Wellness Wednesday: Why I Won’t Sail Again

When we retired to Palm Beach County in 2013, my husband and I discovered the pleasure of getting on a cruise ship, unpacking once, and seeing the world from a balcony over the water. We began with the crystal blue Caribbean, then branched out to the Hawaiian islands, the sun-drenched Mediterranean, and the chilly Baltic. Each trip left us happy to have ventured out and eager for the next one.

But, two weeks into a three-week cruise in 2019, I was medically evacuated from a cruise ship minutes before it departed Amsterdam, and my heart stopped as I was wheeled into a Dutch ER. A ruptured aneurysm was to blame: had it happened during our sailing across the Atlantic crossing and Norway fjords, I would have lost my life. A ship medical office is simply not equipped to handle trauma. An infirmary is not an ICU.

This very close call made us hyper aware of the cruise industry’s limited capacity to handle illness, something that the Coronavirus pandemic has only made more critical. 

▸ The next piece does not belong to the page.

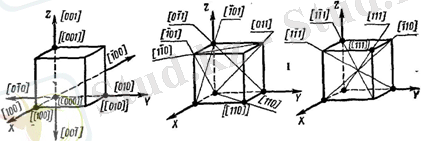 Сурет 7-де мысал ретінде кубтық кристалдың негізгі бағыттары мен белгіленулері келтірілген.

Cruise ships pandemic ground zero

In April 2020, I wrote about cruise ships unable to dock as hundreds of passengers [and staff] were sickened by COVID-19. The industry ground to a halt for more than a year, only last summer beginning to pack ships and sail the seas.

Precautions have not eliminated COVID risk

Nearly two years later, despite masking and vaccines and social distancing protocols, cruise ships are again in the crosshairs of the Coronavirus.

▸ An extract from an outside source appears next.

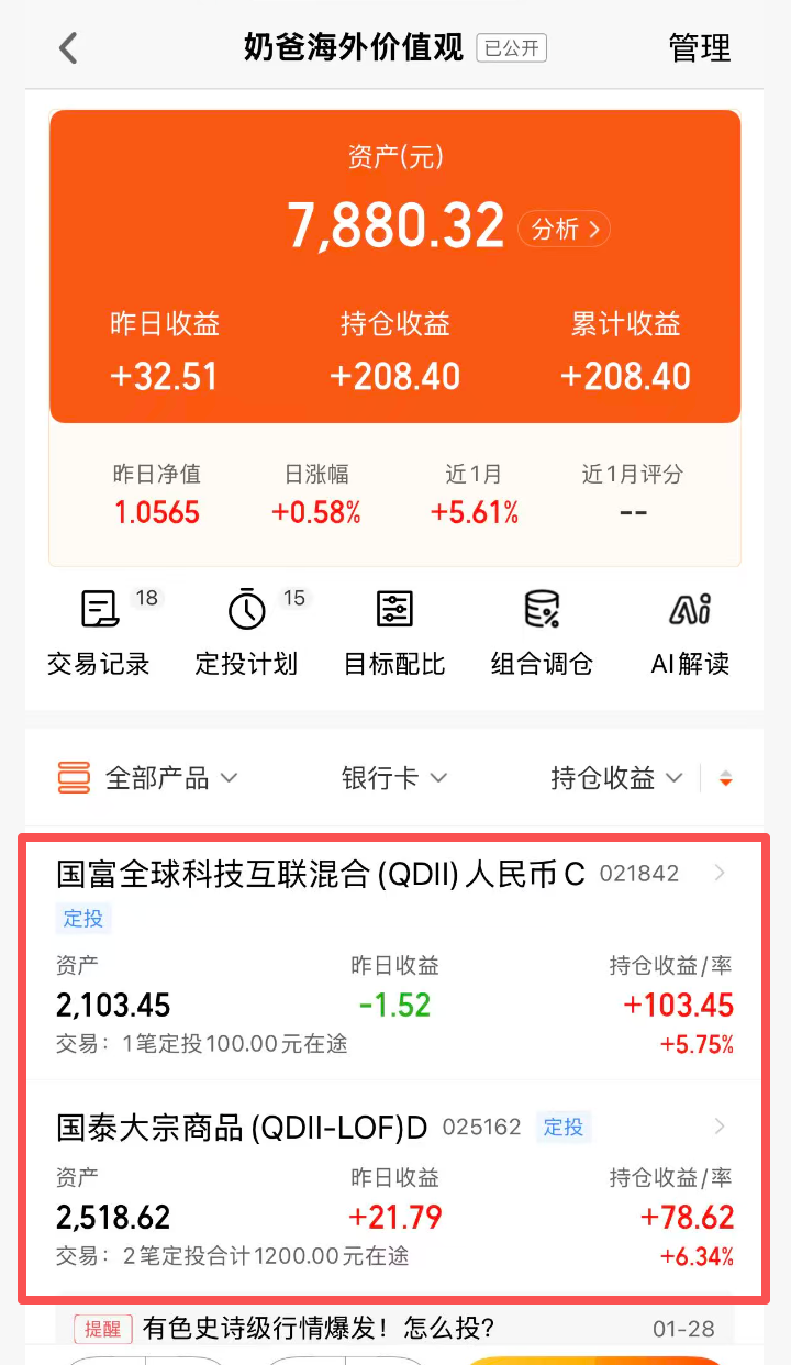 qd额度向来有限,在投资热度越来越上涨的今天,能先上车就先上车,之前跟大家聊我坚持美股和海外黄金定投的逻辑,同样可以落在这只产品身上,今天先加仓1000进入“奶爸海外价值观”,之后走一步看一步,有必要一起加入定投序列。让我们把全世界最优秀的弄潮儿,通过它一网打尽。

Almost every cruise ship operating in US waters reported COVID-19 cases among passengers or crew, despite extensive precautions to guard against the spread of the virus, including vaccinations, testing and face-covering requirements.

Dave Berman, Florida Today, January 4, 2022

Sick passengers placed in quarantine dungeon

The CDC says the chance of getting COVID-19 on board a cruise ship is very high, even if you are fully vaccinated and have received a COVID-19 vaccine booster dose. And, if you do get ill, you’ll be in quarantine, but not in your swank suite.

The comedian Jen Murphy was hit with COVID on the first day of a 8-day sail. She’d been hired by the cruise ship as the talent. Instead, she was escorted, like a prisoner, to a tiny room below the waterline where she spent 8 days in isolation, incommunicado other than the knock on the door with chow, and nothing but lozenges to see her through. Here’s her story.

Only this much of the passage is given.